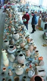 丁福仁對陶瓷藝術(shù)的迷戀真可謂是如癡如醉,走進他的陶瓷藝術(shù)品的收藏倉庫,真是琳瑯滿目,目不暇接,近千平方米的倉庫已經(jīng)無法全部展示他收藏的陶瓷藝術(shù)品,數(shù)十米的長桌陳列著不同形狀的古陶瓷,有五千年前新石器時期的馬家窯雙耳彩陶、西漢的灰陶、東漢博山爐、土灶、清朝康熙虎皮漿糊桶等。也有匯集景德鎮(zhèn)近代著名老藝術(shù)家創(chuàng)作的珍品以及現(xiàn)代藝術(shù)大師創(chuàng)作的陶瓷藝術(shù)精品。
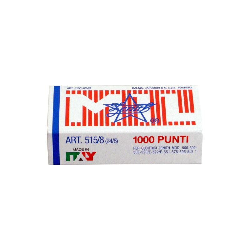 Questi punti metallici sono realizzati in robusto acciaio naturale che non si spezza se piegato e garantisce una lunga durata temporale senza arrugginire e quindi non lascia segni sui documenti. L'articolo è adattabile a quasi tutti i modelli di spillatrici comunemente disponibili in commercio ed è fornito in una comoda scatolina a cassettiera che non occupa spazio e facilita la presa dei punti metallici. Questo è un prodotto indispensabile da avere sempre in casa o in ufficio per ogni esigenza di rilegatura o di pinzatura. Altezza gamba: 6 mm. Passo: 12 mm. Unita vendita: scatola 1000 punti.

* * *

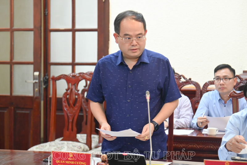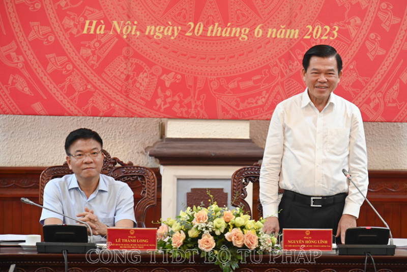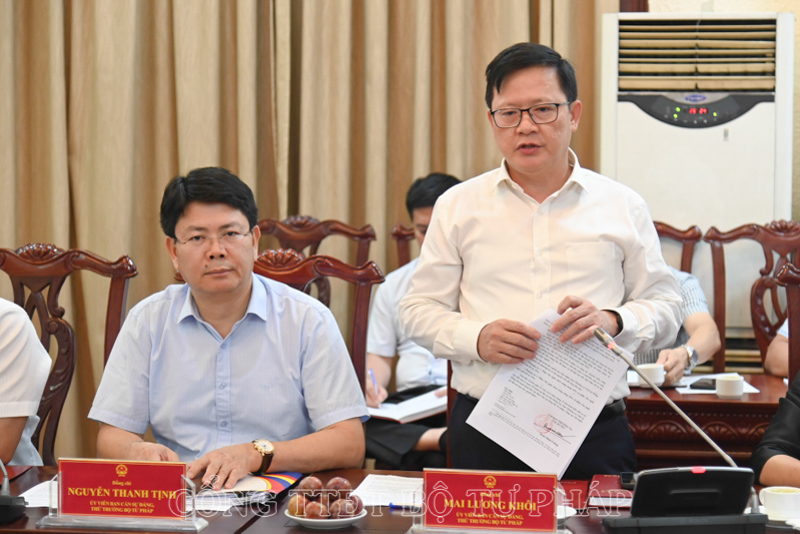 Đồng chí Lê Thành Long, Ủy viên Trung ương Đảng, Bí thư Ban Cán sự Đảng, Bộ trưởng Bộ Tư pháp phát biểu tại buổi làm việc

...

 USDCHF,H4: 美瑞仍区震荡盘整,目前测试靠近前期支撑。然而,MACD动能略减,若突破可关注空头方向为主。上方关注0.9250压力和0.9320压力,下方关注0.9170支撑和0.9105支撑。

▶ **BRIEF**
Above, find the line holding "丁福仁對陶瓷藝術(shù)的" and the line holding "Questi punti metallici". Print exactly those two lines and every line between them, but no pictures.

▶ **PROBLEM SOLUTION**
 丁福仁對陶瓷藝術(shù)的迷戀真可謂是如癡如醉,走進他的陶瓷藝術(shù)品的收藏倉庫,真是琳瑯滿目,目不暇接,近千平方米的倉庫已經(jīng)無法全部展示他收藏的陶瓷藝術(shù)品,數(shù)十米的長桌陳列著不同形狀的古陶瓷,有五千年前新石器時期的馬家窯雙耳彩陶、西漢的灰陶、東漢博山爐、土灶、清朝康熙虎皮漿糊桶等。也有匯集景德鎮(zhèn)近代著名老藝術(shù)家創(chuàng)作的珍品以及現(xiàn)代藝術(shù)大師創(chuàng)作的陶瓷藝術(shù)精品。
 Questi punti metallici sono realizzati in robusto acciaio naturale che non si spezza se piegato e garantisce una lunga durata temporale senza arrugginire e quindi non lascia segni sui documenti. L'articolo è adattabile a quasi tutti i modelli di spillatrici comunemente disponibili in commercio ed è fornito in una comoda scatolina a cassettiera che non occupa spazio e facilita la presa dei punti metallici. Questo è un prodotto indispensabile da avere sempre in casa o in ufficio per ogni esigenza di rilegatura o di pinzatura. Altezza gamba: 6 mm. Passo: 12 mm. Unita vendita: scatola 1000 punti.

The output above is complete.